Records provided:
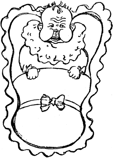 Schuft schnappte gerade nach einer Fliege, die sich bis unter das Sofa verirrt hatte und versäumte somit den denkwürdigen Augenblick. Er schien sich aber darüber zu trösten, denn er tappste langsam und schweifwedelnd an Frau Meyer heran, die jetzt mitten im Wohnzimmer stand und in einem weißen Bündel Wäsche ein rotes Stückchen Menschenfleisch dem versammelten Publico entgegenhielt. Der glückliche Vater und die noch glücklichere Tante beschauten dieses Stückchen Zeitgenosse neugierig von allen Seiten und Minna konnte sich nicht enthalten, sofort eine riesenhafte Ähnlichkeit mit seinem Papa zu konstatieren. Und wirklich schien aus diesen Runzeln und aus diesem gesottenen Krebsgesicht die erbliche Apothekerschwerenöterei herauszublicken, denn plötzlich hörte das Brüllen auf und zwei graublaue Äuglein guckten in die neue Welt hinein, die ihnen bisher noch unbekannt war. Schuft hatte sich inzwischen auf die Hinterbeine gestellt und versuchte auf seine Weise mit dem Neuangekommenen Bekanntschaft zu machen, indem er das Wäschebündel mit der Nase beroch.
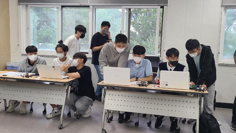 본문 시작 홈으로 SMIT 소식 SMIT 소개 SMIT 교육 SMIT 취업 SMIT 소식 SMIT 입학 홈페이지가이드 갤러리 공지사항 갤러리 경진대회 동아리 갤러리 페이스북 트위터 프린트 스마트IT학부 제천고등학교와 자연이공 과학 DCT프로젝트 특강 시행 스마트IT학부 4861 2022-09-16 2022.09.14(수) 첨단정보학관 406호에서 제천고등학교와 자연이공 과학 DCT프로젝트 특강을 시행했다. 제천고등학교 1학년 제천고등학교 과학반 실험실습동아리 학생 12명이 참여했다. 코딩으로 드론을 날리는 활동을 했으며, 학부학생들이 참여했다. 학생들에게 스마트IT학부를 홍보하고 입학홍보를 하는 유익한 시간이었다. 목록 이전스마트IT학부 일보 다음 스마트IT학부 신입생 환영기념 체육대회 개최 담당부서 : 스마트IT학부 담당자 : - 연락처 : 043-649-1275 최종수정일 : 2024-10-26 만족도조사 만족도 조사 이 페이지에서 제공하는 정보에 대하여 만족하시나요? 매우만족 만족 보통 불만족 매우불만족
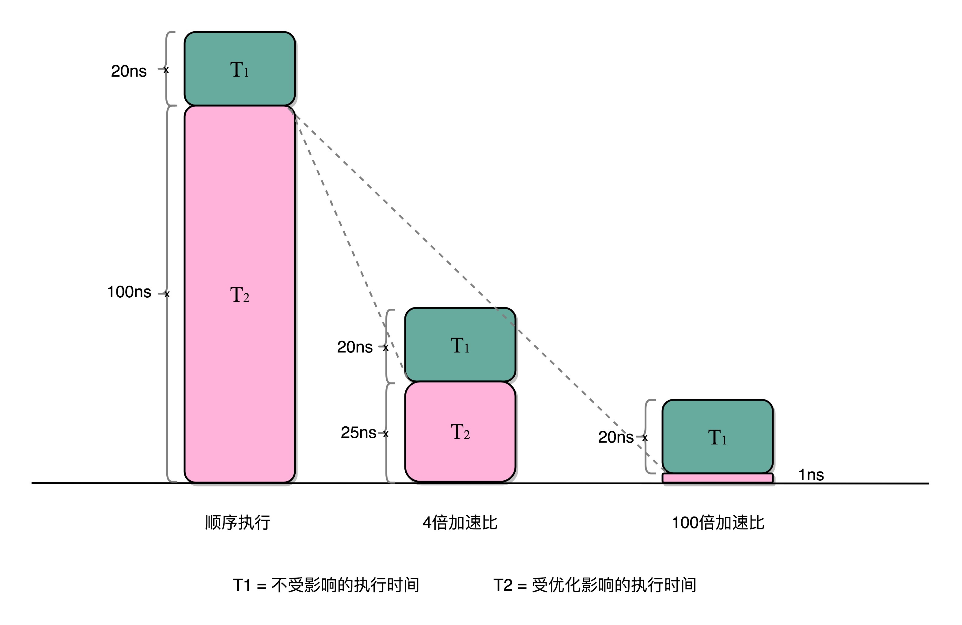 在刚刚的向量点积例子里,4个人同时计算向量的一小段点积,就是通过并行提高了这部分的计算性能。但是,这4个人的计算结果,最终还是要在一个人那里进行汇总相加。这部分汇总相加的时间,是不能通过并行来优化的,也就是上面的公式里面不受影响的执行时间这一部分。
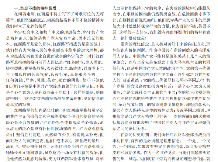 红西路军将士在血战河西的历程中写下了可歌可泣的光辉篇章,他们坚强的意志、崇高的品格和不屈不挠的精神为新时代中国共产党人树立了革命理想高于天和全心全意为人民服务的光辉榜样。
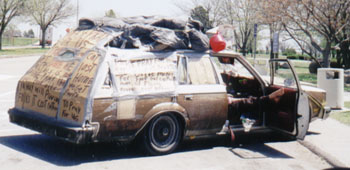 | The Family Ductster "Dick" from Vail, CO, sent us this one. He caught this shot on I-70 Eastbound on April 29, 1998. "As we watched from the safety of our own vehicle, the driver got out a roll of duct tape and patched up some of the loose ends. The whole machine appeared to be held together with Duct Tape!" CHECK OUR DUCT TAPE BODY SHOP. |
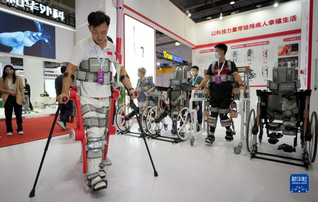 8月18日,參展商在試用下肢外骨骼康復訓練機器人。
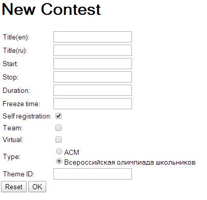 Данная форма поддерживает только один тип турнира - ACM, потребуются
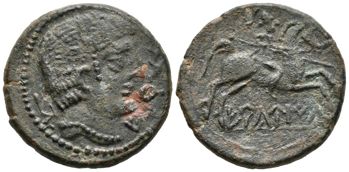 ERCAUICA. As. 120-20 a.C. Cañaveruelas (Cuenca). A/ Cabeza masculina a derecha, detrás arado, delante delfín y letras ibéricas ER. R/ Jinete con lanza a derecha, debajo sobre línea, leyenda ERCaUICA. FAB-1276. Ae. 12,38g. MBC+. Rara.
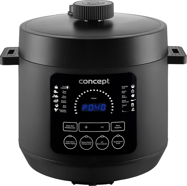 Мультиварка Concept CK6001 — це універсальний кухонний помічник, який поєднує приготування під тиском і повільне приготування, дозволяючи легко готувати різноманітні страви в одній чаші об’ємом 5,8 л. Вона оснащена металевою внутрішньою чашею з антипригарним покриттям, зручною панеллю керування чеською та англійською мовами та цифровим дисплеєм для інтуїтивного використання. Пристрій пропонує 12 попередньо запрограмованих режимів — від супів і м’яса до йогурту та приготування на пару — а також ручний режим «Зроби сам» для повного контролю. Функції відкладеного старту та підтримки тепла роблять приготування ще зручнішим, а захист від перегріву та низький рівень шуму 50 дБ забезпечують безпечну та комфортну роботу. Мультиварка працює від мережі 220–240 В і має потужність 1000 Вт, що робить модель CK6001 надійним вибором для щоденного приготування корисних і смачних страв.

Task to complete: Each line of the listing above must be given again exactly; the pictures are to be left out.

Answer space:
 Schuft schnappte gerade nach einer Fliege, die sich bis unter das Sofa verirrt hatte und versäumte somit den denkwürdigen Augenblick. Er schien sich aber darüber zu trösten, denn er tappste langsam und schweifwedelnd an Frau Meyer heran, die jetzt mitten im Wohnzimmer stand und in einem weißen Bündel Wäsche ein rotes Stückchen Menschenfleisch dem versammelten Publico entgegenhielt. Der glückliche Vater und die noch glücklichere Tante beschauten dieses Stückchen Zeitgenosse neugierig von allen Seiten und Minna konnte sich nicht enthalten, sofort eine riesenhafte Ähnlichkeit mit seinem Papa zu konstatieren. Und wirklich schien aus diesen Runzeln und aus diesem gesottenen Krebsgesicht die erbliche Apothekerschwerenöterei herauszublicken, denn plötzlich hörte das Brüllen auf und zwei graublaue Äuglein guckten in die neue Welt hinein, die ihnen bisher noch unbekannt war. Schuft hatte sich inzwischen auf die Hinterbeine gestellt und versuchte auf seine Weise mit dem Neuangekommenen Bekanntschaft zu machen, indem er das Wäschebündel mit der Nase beroch.
 본문 시작 홈으로 SMIT 소식 SMIT 소개 SMIT 교육 SMIT 취업 SMIT 소식 SMIT 입학 홈페이지가이드 갤러리 공지사항 갤러리 경진대회 동아리 갤러리 페이스북 트위터 프린트 스마트IT학부 제천고등학교와 자연이공 과학 DCT프로젝트 특강 시행 스마트IT학부 4861 2022-09-16 2022.09.14(수) 첨단정보학관 406호에서 제천고등학교와 자연이공 과학 DCT프로젝트 특강을 시행했다. 제천고등학교 1학년 제천고등학교 과학반 실험실습동아리 학생 12명이 참여했다. 코딩으로 드론을 날리는 활동을 했으며, 학부학생들이 참여했다. 학생들에게 스마트IT학부를 홍보하고 입학홍보를 하는 유익한 시간이었다. 목록 이전스마트IT학부 일보 다음 스마트IT학부 신입생 환영기념 체육대회 개최 담당부서 : 스마트IT학부 담당자 : - 연락처 : 043-649-1275 최종수정일 : 2024-10-26 만족도조사 만족도 조사 이 페이지에서 제공하는 정보에 대하여 만족하시나요? 매우만족 만족 보통 불만족 매우불만족
 在刚刚的向量点积例子里,4个人同时计算向量的一小段点积,就是通过并行提高了这部分的计算性能。但是,这4个人的计算结果,最终还是要在一个人那里进行汇总相加。这部分汇总相加的时间,是不能通过并行来优化的,也就是上面的公式里面不受影响的执行时间这一部分。
 红西路军将士在血战河西的历程中写下了可歌可泣的光辉篇章,他们坚强的意志、崇高的品格和不屈不挠的精神为新时代中国共产党人树立了革命理想高于天和全心全意为人民服务的光辉榜样。
 | The Family Ductster "Dick" from Vail, CO, sent us this one. He caught this shot on I-70 Eastbound on April 29, 1998. "As we watched from the safety of our own vehicle, the driver got out a roll of duct tape and patched up some of the loose ends. The whole machine appeared to be held together with Duct Tape!" CHECK OUR DUCT TAPE BODY SHOP. |
 8月18日,參展商在試用下肢外骨骼康復訓練機器人。
 Данная форма поддерживает только один тип турнира - ACM, потребуются
 ERCAUICA. As. 120-20 a.C. Cañaveruelas (Cuenca). A/ Cabeza masculina a derecha, detrás arado, delante delfín y letras ibéricas ER. R/ Jinete con lanza a derecha, debajo sobre línea, leyenda ERCaUICA. FAB-1276. Ae. 12,38g. MBC+. Rara.
 Мультиварка Concept CK6001 — це універсальний кухонний помічник, який поєднує приготування під тиском і повільне приготування, дозволяючи легко готувати різноманітні страви в одній чаші об’ємом 5,8 л. Вона оснащена металевою внутрішньою чашею з антипригарним покриттям, зручною панеллю керування чеською та англійською мовами та цифровим дисплеєм для інтуїтивного використання. Пристрій пропонує 12 попередньо запрограмованих режимів — від супів і м’яса до йогурту та приготування на пару — а також ручний режим «Зроби сам» для повного контролю. Функції відкладеного старту та підтримки тепла роблять приготування ще зручнішим, а захист від перегріву та низький рівень шуму 50 дБ забезпечують безпечну та комфортну роботу. Мультиварка працює від мережі 220–240 В і має потужність 1000 Вт, що робить модель CK6001 надійним вибором для щоденного приготування корисних і смачних страв.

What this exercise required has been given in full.